═══ DATA TO PROCESS ═══
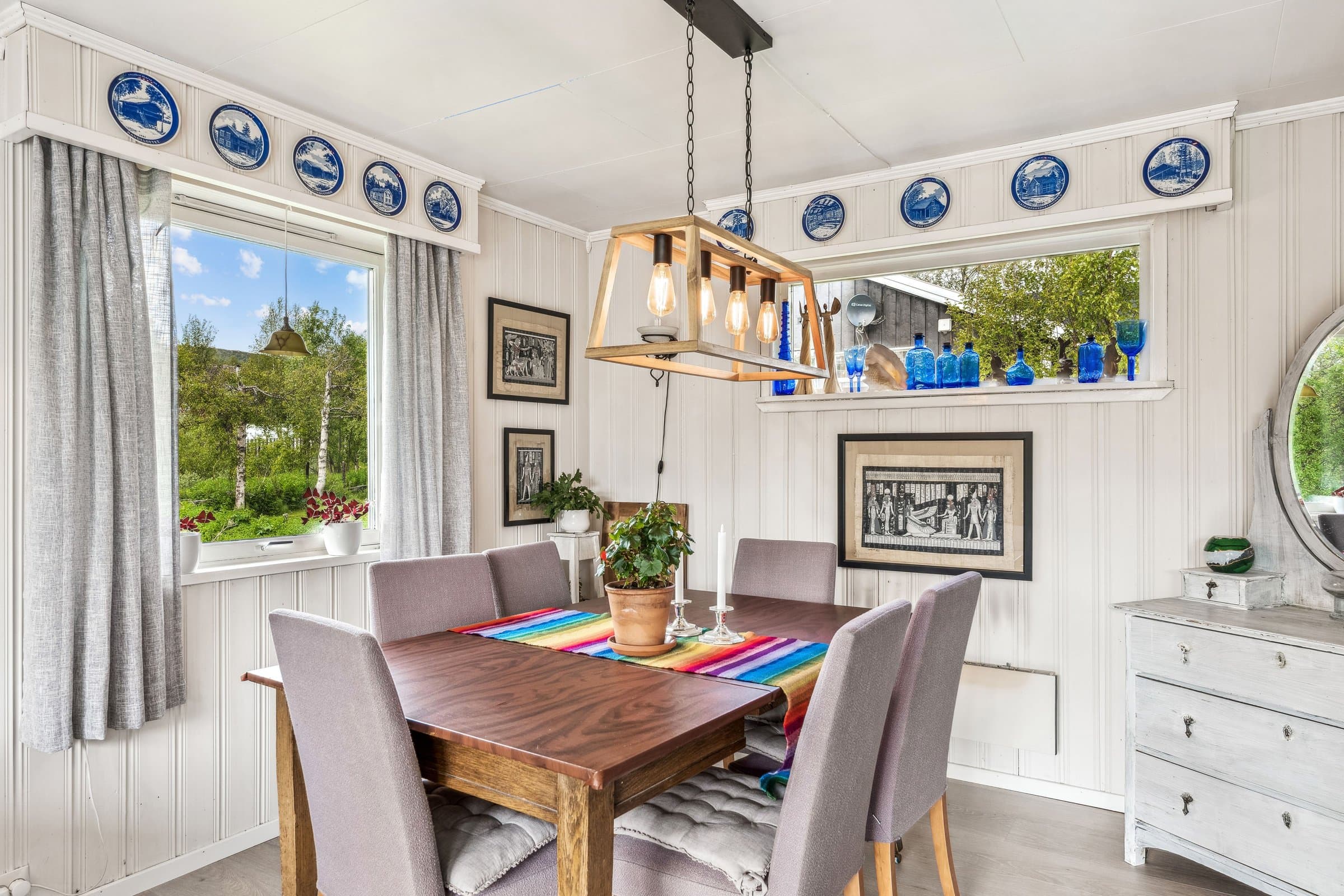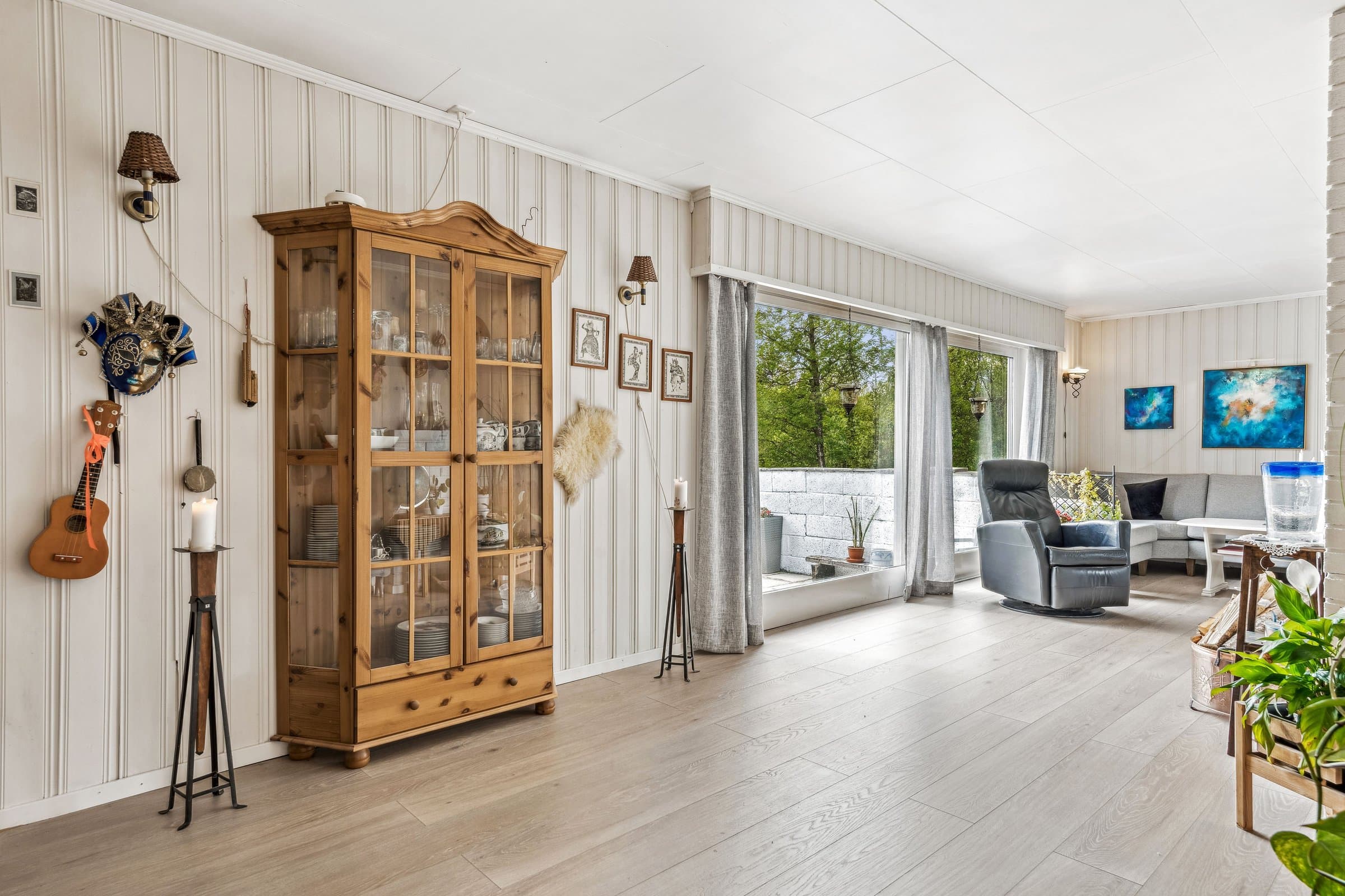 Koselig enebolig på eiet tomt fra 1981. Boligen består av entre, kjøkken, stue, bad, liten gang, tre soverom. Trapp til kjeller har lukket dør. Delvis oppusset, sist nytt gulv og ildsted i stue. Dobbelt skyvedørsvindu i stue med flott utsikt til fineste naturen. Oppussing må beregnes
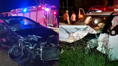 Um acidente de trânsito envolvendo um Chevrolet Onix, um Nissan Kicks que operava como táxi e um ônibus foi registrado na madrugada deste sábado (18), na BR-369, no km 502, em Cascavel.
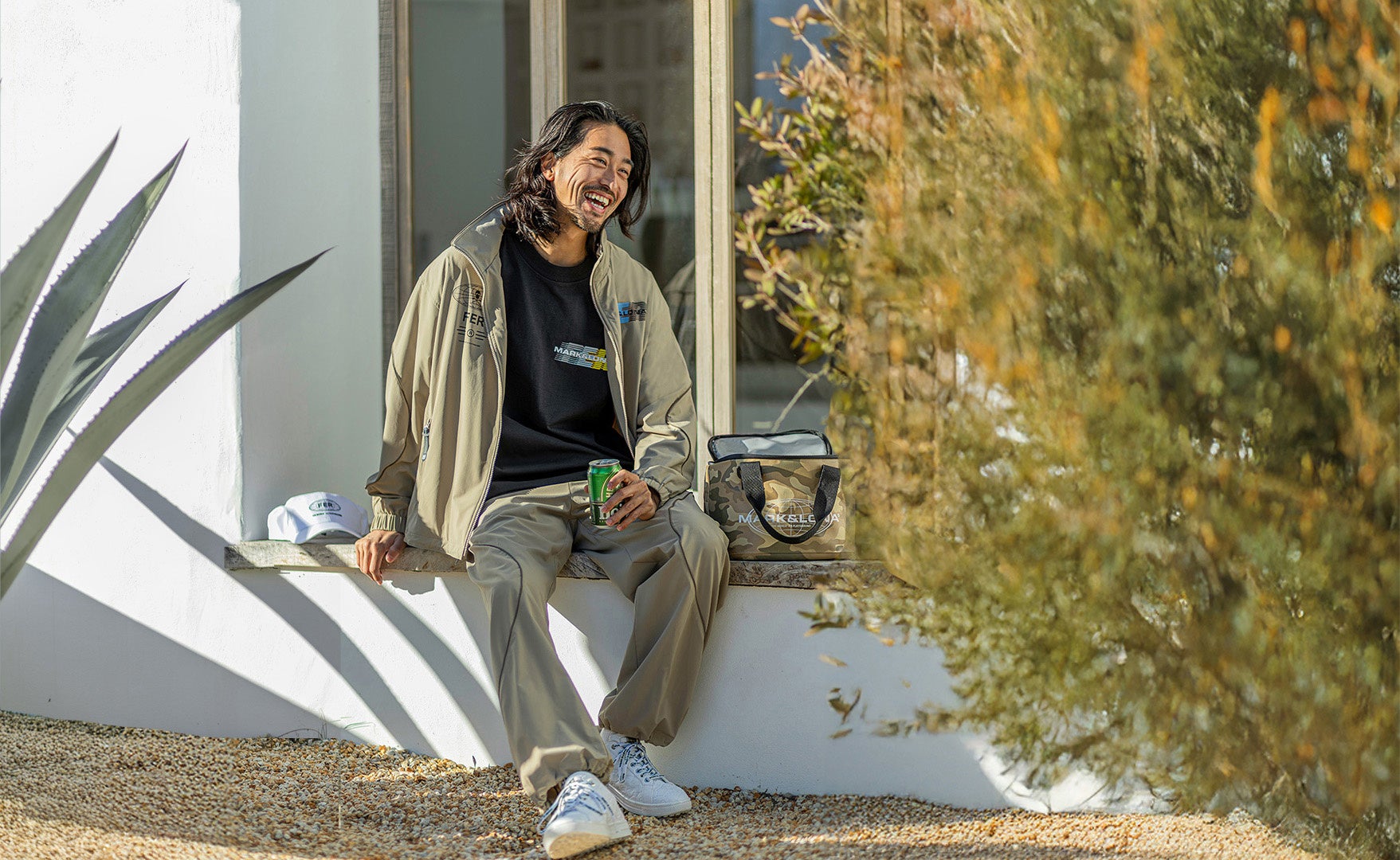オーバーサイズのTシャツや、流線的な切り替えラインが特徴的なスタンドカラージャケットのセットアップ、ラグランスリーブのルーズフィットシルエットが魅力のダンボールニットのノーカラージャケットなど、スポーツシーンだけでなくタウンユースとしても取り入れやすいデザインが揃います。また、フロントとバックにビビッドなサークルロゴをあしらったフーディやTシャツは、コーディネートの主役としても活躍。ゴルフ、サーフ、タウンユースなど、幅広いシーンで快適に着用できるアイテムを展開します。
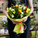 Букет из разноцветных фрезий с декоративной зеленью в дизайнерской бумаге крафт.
═══
═══ DATA TO PROCESS ═══
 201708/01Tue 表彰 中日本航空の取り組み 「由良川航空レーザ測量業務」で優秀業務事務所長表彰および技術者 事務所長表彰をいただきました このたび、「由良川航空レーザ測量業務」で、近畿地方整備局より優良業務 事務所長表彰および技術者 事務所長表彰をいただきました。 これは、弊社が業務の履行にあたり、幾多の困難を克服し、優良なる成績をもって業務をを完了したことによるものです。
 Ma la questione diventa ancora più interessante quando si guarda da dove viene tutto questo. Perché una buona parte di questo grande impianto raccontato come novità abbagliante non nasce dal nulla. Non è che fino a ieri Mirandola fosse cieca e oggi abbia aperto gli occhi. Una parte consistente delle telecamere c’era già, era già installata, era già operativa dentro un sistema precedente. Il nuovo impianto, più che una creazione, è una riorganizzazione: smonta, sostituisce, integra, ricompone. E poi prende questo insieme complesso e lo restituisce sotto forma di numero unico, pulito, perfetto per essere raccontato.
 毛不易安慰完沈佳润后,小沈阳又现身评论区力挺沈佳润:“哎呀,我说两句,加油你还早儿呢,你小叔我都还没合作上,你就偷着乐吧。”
═══
═══ DATA TO PROCESS ═══
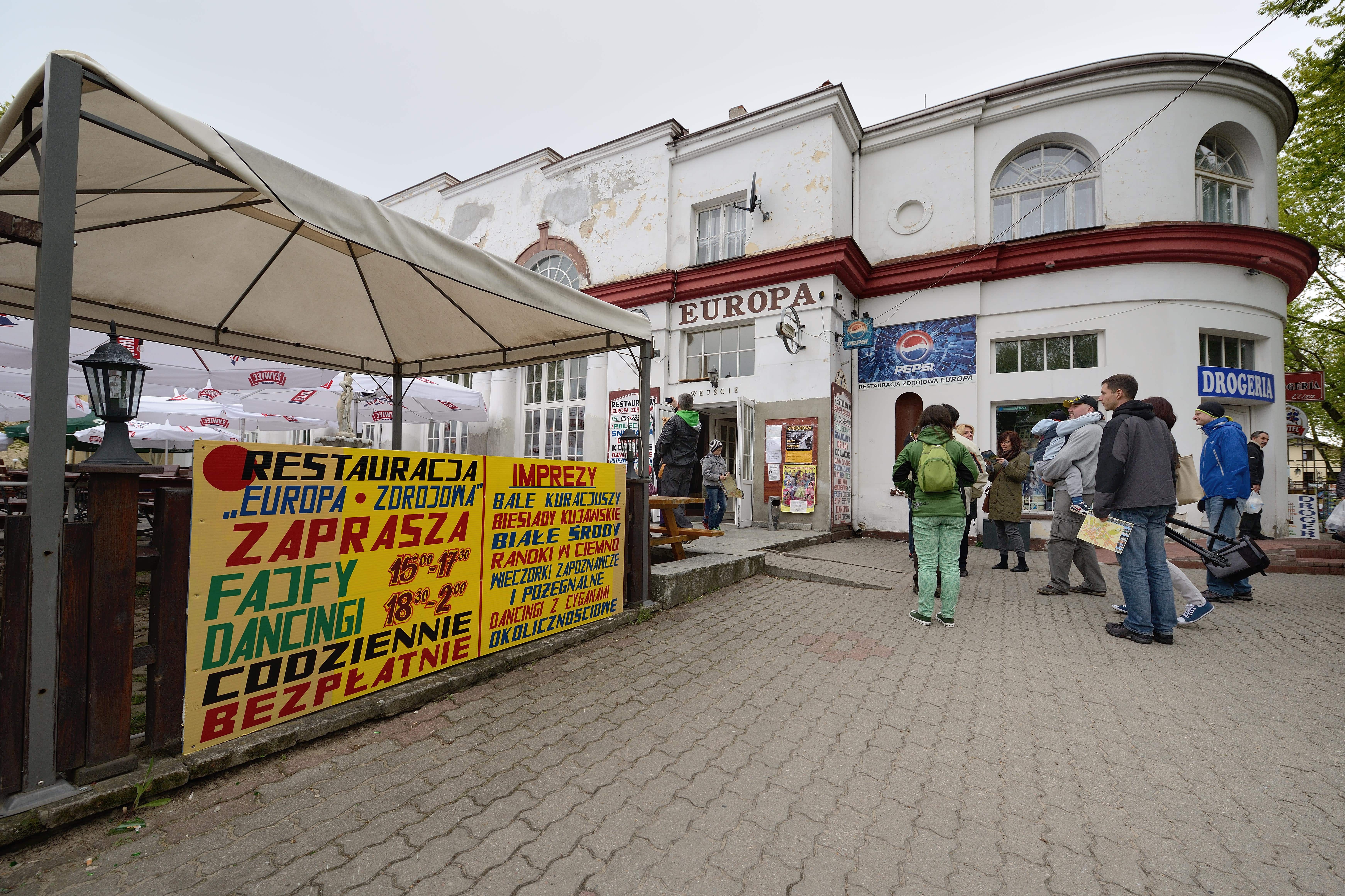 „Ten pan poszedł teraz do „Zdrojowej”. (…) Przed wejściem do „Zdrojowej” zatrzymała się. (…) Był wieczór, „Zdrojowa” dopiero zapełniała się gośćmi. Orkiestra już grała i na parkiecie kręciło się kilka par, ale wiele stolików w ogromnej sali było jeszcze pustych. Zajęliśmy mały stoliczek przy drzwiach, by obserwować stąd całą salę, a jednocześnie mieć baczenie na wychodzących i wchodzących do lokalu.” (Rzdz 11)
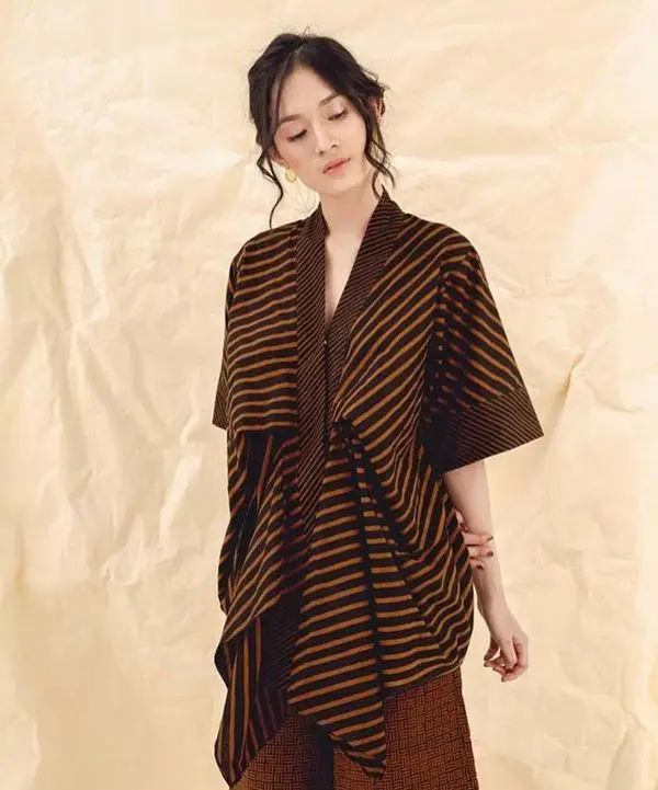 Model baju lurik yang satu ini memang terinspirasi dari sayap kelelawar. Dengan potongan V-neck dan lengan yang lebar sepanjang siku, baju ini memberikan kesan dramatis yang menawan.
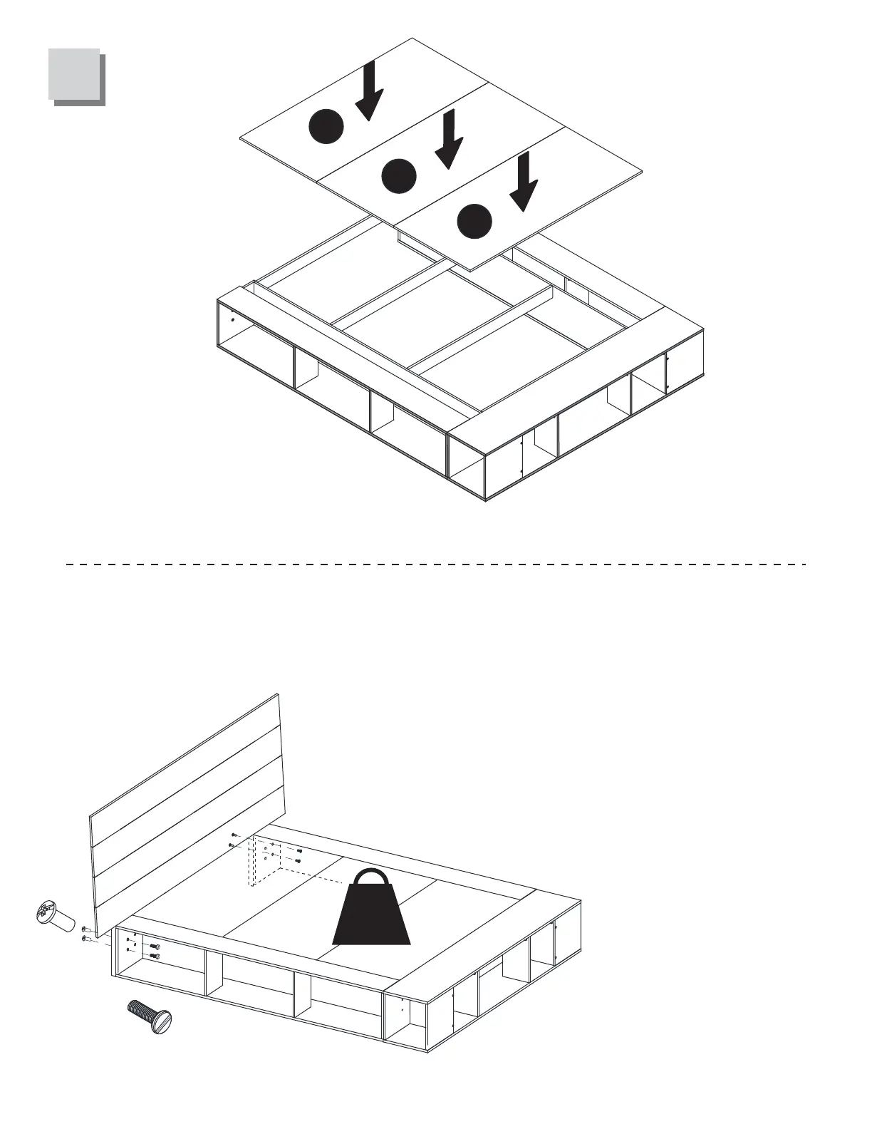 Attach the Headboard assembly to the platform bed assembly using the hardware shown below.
═══
• _EXERCISE PROMPT_: Exactly as written above, retype the lines starting at the one holding "pan poszedł teraz" and ending at the one holding "Attach the Headboard", both included, but not the pictures.

• _TASK RESPONSE_:
 „Ten pan poszedł teraz do „Zdrojowej”. (…) Przed wejściem do „Zdrojowej” zatrzymała się. (…) Był wieczór, „Zdrojowa” dopiero zapełniała się gośćmi. Orkiestra już grała i na parkiecie kręciło się kilka par, ale wiele stolików w ogromnej sali było jeszcze pustych. Zajęliśmy mały stoliczek przy drzwiach, by obserwować stąd całą salę, a jednocześnie mieć baczenie na wychodzących i wchodzących do lokalu.” (Rzdz 11)
 Model baju lurik yang satu ini memang terinspirasi dari sayap kelelawar. Dengan potongan V-neck dan lengan yang lebar sepanjang siku, baju ini memberikan kesan dramatis yang menawan.
 Attach the Headboard assembly to the platform bed assembly using the hardware shown below.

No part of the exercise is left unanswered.